• _Work instructions_
Using the records below, write out again exactly the lines that begin at the line containing "- 미사용 통일호 승차권" and end at the line containing "Sweat-shirt à capuche", and no other lines.

• _Material provided_
=== Section Start ===

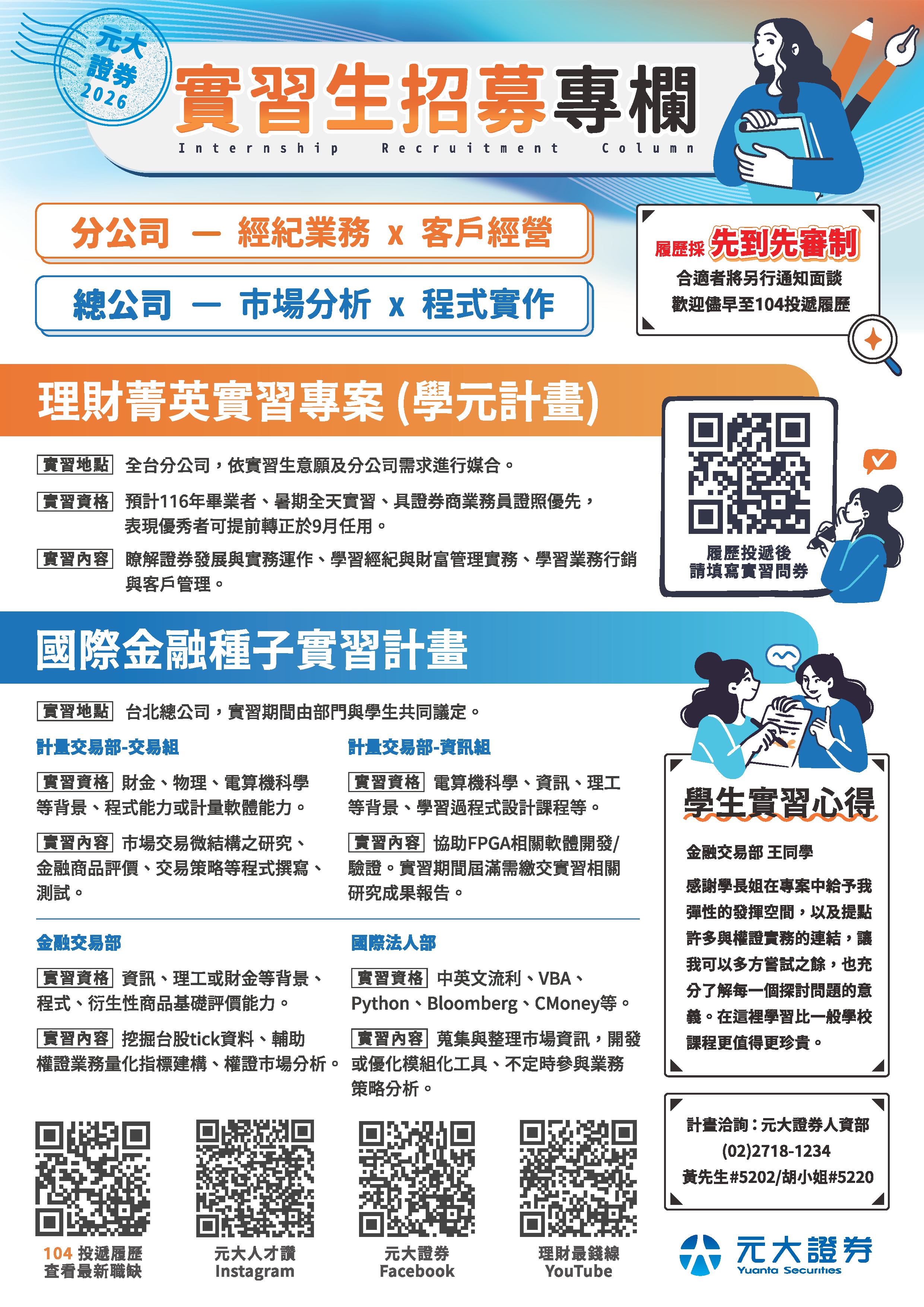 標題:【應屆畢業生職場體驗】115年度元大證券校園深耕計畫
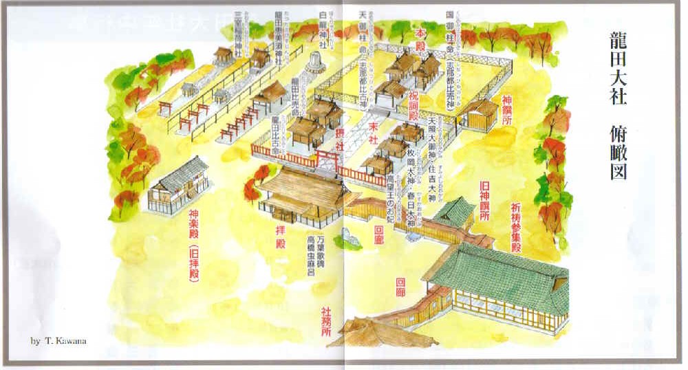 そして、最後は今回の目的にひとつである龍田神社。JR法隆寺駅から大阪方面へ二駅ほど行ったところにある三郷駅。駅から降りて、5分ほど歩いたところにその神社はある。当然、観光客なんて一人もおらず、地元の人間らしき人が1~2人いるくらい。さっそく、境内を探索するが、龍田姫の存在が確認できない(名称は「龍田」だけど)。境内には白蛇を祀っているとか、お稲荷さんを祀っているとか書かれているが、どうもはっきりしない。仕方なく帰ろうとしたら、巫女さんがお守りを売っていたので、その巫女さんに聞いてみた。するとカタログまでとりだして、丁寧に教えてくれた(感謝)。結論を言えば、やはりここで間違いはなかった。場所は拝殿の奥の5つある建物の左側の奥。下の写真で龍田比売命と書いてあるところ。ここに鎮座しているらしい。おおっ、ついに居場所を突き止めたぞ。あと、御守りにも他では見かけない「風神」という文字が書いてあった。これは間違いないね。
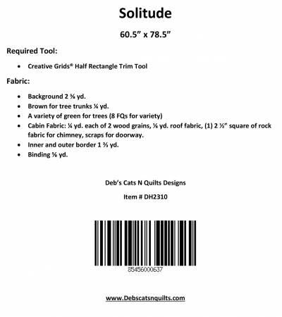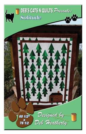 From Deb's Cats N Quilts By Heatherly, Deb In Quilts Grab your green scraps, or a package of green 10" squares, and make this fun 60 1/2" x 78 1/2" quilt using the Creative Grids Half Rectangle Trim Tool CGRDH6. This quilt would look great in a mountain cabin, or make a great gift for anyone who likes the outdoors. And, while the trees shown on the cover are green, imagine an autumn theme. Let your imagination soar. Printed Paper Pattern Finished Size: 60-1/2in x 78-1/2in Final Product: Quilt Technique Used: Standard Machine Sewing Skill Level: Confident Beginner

=== Section End ===
=== Section Start ===

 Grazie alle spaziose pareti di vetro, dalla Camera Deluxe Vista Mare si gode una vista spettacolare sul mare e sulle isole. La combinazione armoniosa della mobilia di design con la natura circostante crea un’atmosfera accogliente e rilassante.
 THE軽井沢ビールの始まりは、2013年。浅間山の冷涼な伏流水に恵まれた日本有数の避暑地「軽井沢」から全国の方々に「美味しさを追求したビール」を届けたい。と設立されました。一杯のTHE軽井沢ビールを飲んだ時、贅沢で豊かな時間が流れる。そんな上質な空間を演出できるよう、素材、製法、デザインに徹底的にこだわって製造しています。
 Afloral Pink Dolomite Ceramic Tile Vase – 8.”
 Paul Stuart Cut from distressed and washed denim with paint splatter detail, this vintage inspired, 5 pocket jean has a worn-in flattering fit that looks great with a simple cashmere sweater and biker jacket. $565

=== Section End ===
=== Section Start ===

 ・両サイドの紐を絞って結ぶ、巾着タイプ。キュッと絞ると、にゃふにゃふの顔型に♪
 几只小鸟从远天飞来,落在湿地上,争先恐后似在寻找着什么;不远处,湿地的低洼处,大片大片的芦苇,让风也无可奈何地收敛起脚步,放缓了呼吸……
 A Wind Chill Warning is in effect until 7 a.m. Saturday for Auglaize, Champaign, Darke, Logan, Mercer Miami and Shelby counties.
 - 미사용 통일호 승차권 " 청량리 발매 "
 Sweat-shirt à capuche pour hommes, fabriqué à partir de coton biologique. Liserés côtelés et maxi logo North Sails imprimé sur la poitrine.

=== Section End ===

• _Solution to this task_
 - 미사용 통일호 승차권 " 청량리 발매 "
 Sweat-shirt à capuche pour hommes, fabriqué à partir de coton biologique. Liserés côtelés et maxi logo North Sails imprimé sur la poitrine.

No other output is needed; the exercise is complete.